Cerebral Palsy Info

What is cerebral palsy?

The name “cerebral palsy” (CP) is actually an umbrella term that covers a group of disorders that primarily affect the ability of movement, muscle tone, and coordination. The condition is typically caused by damage to the brain, usually in the developmental stage and most often before birth.

Most persons who have CP are born with the condition, which means they have “congenital CP.” However, as we’ll discuss later, CP can begin after the birth process, leading to “acquired CP.”

How many people have cerebral palsy?

The Centers for Disease Control and Prevention (CDC) confirm that about 10,000 babies born in the U.S. will develop CP each year.

It’s also estimated by the CDC that more than 760,000 children and adults in the U.S. will develop one or more symptoms of CP. (See the symptoms section below.)

Globally, just over 17 million people have CP.

What causes cerebral palsy?

CP is triggered by a disruption in the development of the brain, usually before the child is born or during the birthing process itself.

Conditions that can lead to the development of CP include, but are not limited to:

  • Severe lack of oxygen to the brain
  • Fetal stroke while still in the womb, sometimes caused by weak blood vessels in the fetus’s brain or blood clotting – either in the placenta or in the fetus’s body
  • Infections or fevers experienced by the mother during the pregnancy
  • Genetic abnormalities
  • Abnormal development of the brain
  • Incompatible blood type between mother and fetus
  • Jaundice (if left untreated, can damage brain cells)
  • Complicated labor and birth
  • Mother’s exposure to toxic substances

Lack of oxygen to the fetal brain can be caused by a number of issues, including:

  • Mismanagement of the vital signs of the mother and infant
  • Delayed delivery or failure to perform a cesarean section delivery
  • Complications with the umbilical cord or the infant’s size or position

How is cerebral palsy diagnosed?

Because we’re all individuals, signs or symptoms of CP will vary from person to person.

The most obvious tip-off that a child may have a form of CP is a delay is reaching certain milestones related to movement, including rolling over, sitting, standing or walking.

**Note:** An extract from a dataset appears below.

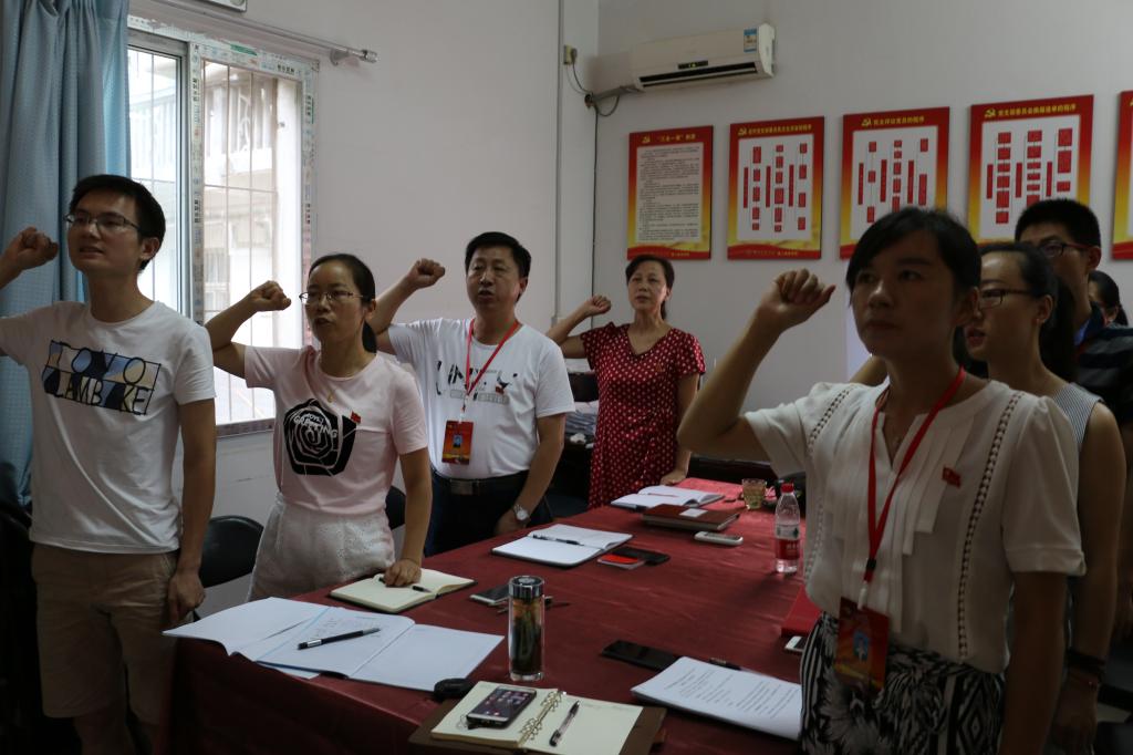 活动严格按照学校7+X模式开展。全体党员佩戴党徽,起立齐唱国歌;面对党旗庄严宣誓,重温入党誓词;集体诵读党章。集中学习了习近平总书记在省部级主要领导干部“学习习近平总书记重要讲话精神,迎接党的十九大”专题研讨班开班式上的重要讲话、在庆祝中国人民解放军建军90周年大会上的讲话、在全国金融工作会议上的讲话以及十堰市委书记张维国同志在7月6日市委常委会会议讲话精神、市创文指挥部《致全市人民的一封公开信》、市创文办《创建全国文明城市应知应会知识手册》、市政府《十堰竞演<魅力中国城>倡议书》等“创文”主题知识、市委组织部关于“魅力中国城+创文”专题党支部主题党日活动的通知。党员们还订阅了“十堰基层党建”微信公众号。

Generally speaking, these milestones include being able to:

  • Roll over at about the 6-month mark
  • Sit without support after 9 months
  • Walk when he/she is 12 months

For a child younger than 6 months, potential signs of CP include:

  • Feeling stiff
  • When cradled, the child overextends the back and neck as of pushing away
  • When picked up, the child’s legs become stiff and cross

For a child older than 6 months, signs include:

  • Not being able to roll in either direction
  • An inability to bring hands together
  • Difficulty in bringing things to his/her mouth
  • Reaching out with one hand while the other remains in a fist

For a child older than 10 months, CP indicators include:

  • Crawling in a lopsided way
  • Scooting around on buttocks or even hopping on knees but not crawling on all fours

In addition to recognizing these signs, tests that can confirm a CP diagnosis include magnetic resonance imaging (MRI), a cranial ultrasound, which can be performed during infancy, and an electroencephalogram (EEG).

What are the specific types of cerebral palsy?

Spastic CP

The most common form – affecting about 80% of cerebral palsy patients – reveals itself through increased muscle tone and reflexes or movements that may appear to be awkward or stiff.

The spastic cerebral palsy type is further broken down into these subtypes:

  • Spastic hemiplegia
    The muscles on one side of the body are in a continuous state of contraction
  • Spastic diplegia
    Restricts movement in the lower extremities of the body
  • Spastic quadriplegia
    Affects the entire body, including both arms and legs, and causes uncontrollable shaking and fluid buildup

Non-Spastic CP

Unlike persons with spastic CP, those with non-spastic CP actually have muscle tone that is weakened and unstable. Hallmarks of this form of CP include slow movements that can look as if the person is writhing. Speech, facial and tongue movements can be especially difficult.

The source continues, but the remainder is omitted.